• Records shown
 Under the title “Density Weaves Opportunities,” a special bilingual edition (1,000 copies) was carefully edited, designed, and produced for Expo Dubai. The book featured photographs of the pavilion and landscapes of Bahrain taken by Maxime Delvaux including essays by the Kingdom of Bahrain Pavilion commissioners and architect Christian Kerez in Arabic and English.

* * *

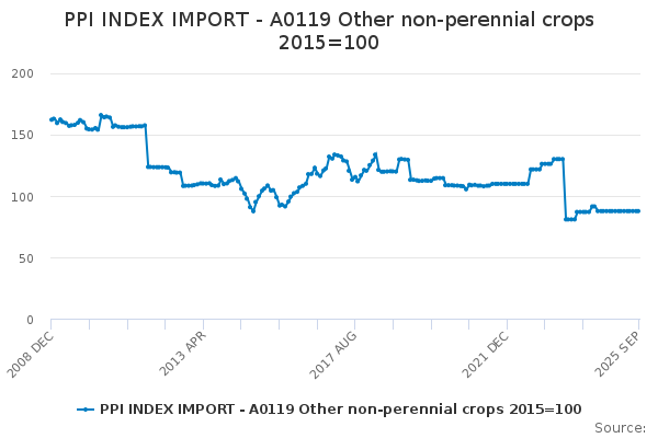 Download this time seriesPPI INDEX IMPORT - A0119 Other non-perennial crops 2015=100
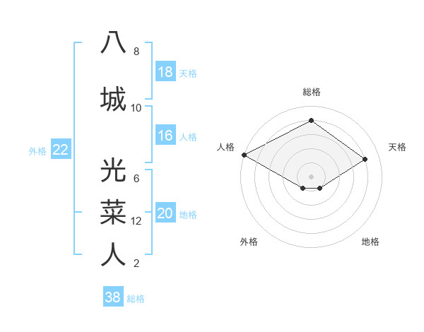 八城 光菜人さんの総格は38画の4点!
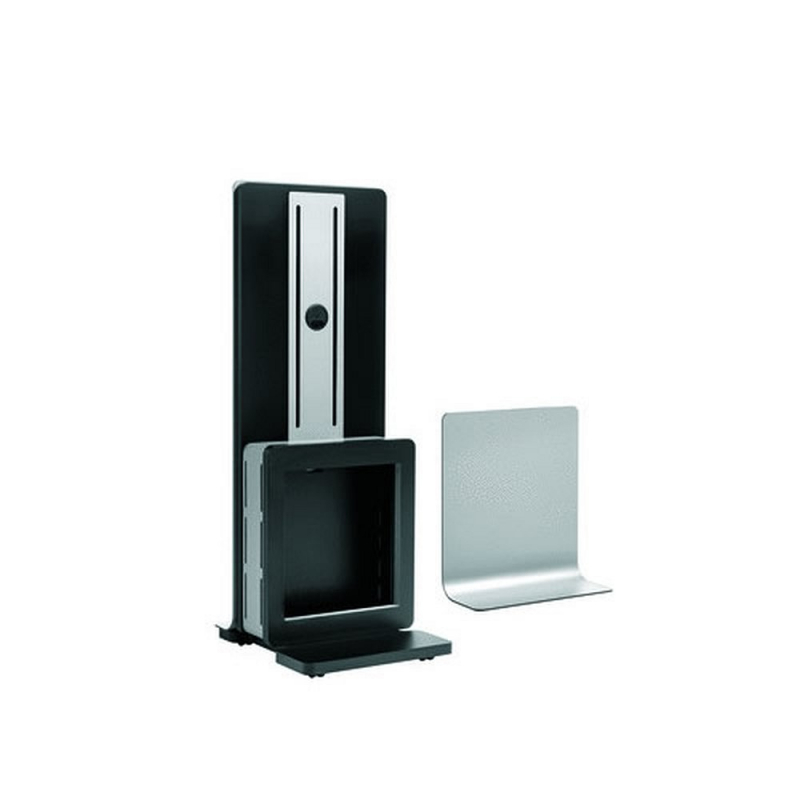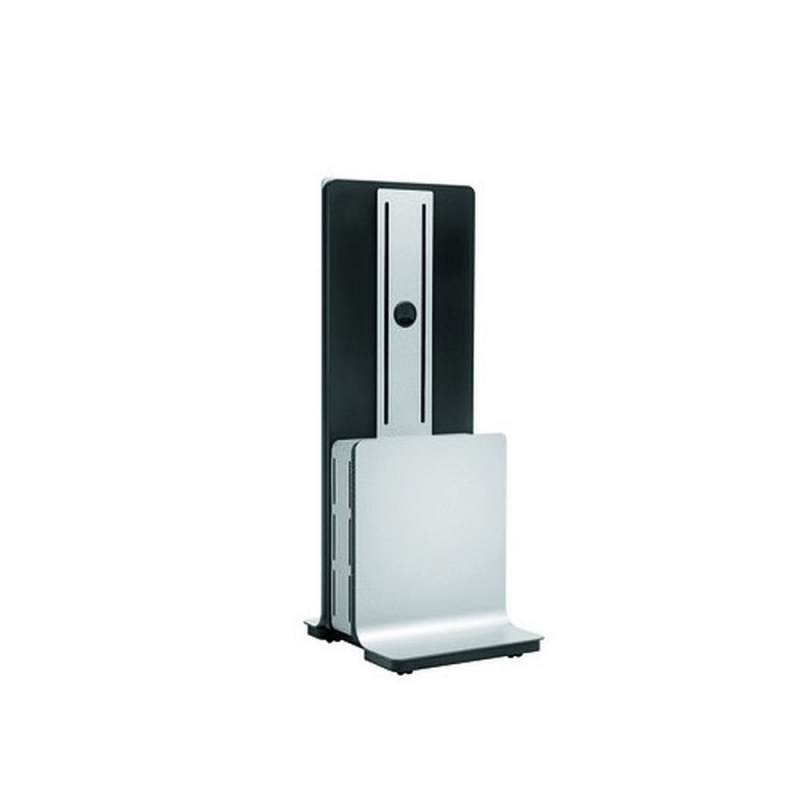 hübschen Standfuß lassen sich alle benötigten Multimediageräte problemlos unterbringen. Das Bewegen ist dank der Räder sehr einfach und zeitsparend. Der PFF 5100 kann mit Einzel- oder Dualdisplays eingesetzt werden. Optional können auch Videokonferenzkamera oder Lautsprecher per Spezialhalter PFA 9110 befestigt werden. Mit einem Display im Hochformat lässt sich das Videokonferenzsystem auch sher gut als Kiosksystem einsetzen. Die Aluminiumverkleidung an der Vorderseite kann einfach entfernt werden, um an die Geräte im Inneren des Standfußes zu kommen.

* * *

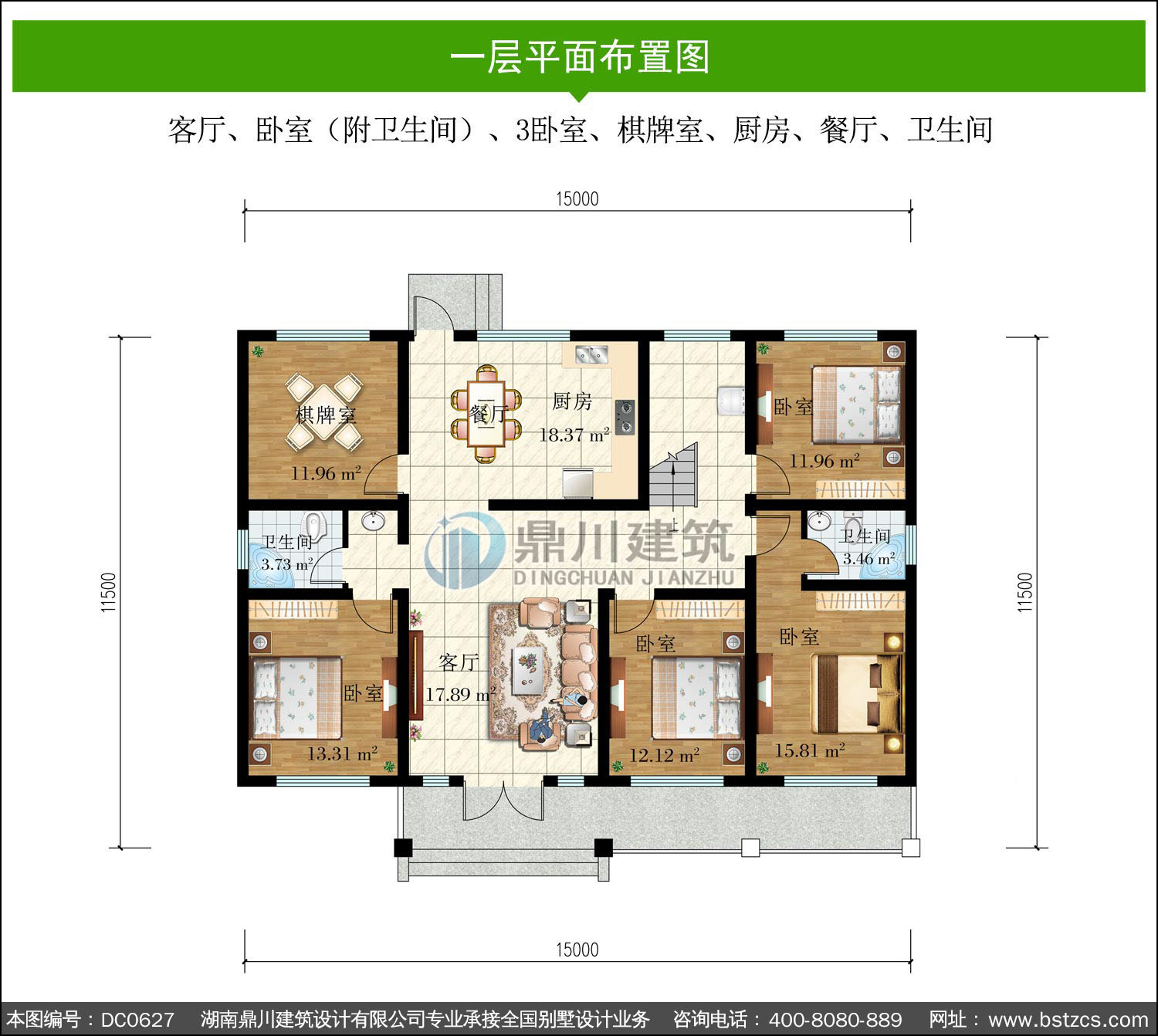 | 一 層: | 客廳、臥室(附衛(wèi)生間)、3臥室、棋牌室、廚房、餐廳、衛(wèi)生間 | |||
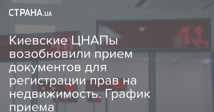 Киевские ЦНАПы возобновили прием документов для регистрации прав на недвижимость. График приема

• Exercise objective
Work from the entries above. Set down exactly and only the lines from the line with "八城 光菜人さんの総格は38画の4点!" to the line with "hübschen Standfuß lassen", both included, and leave the pictures out.

• Exercise result
 八城 光菜人さんの総格は38画の4点!
 hübschen Standfuß lassen sich alle benötigten Multimediageräte problemlos unterbringen. Das Bewegen ist dank der Räder sehr einfach und zeitsparend. Der PFF 5100 kann mit Einzel- oder Dualdisplays eingesetzt werden. Optional können auch Videokonferenzkamera oder Lautsprecher per Spezialhalter PFA 9110 befestigt werden. Mit einem Display im Hochformat lässt sich das Videokonferenzsystem auch sher gut als Kiosksystem einsetzen. Die Aluminiumverkleidung an der Vorderseite kann einfach entfernt werden, um an die Geräte im Inneren des Standfußes zu kommen.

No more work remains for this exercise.